**Directions for this task**.
Write the full listing out again, word for word, but omit the pictures.

**Stored data**.
-----

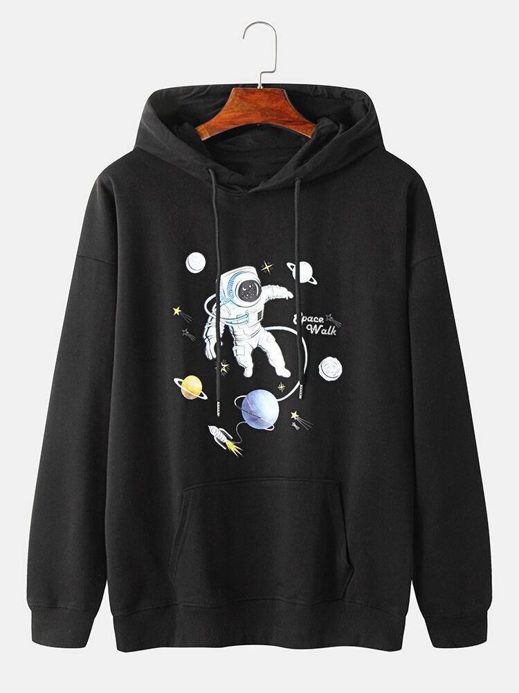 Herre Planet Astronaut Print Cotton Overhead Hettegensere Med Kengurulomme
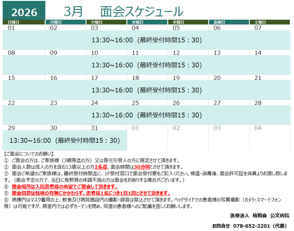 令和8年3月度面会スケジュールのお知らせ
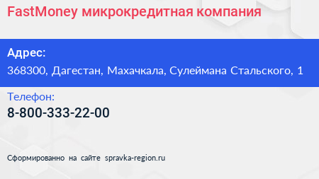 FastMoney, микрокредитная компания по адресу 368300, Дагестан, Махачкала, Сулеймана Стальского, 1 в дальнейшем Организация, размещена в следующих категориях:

-----

**Response to this exercise**.
 Herre Planet Astronaut Print Cotton Overhead Hettegensere Med Kengurulomme
 令和8年3月度面会スケジュールのお知らせ
 FastMoney, микрокредитная компания по адресу 368300, Дагестан, Махачкала, Сулеймана Стальского, 1 в дальнейшем Организация, размещена в следующих категориях:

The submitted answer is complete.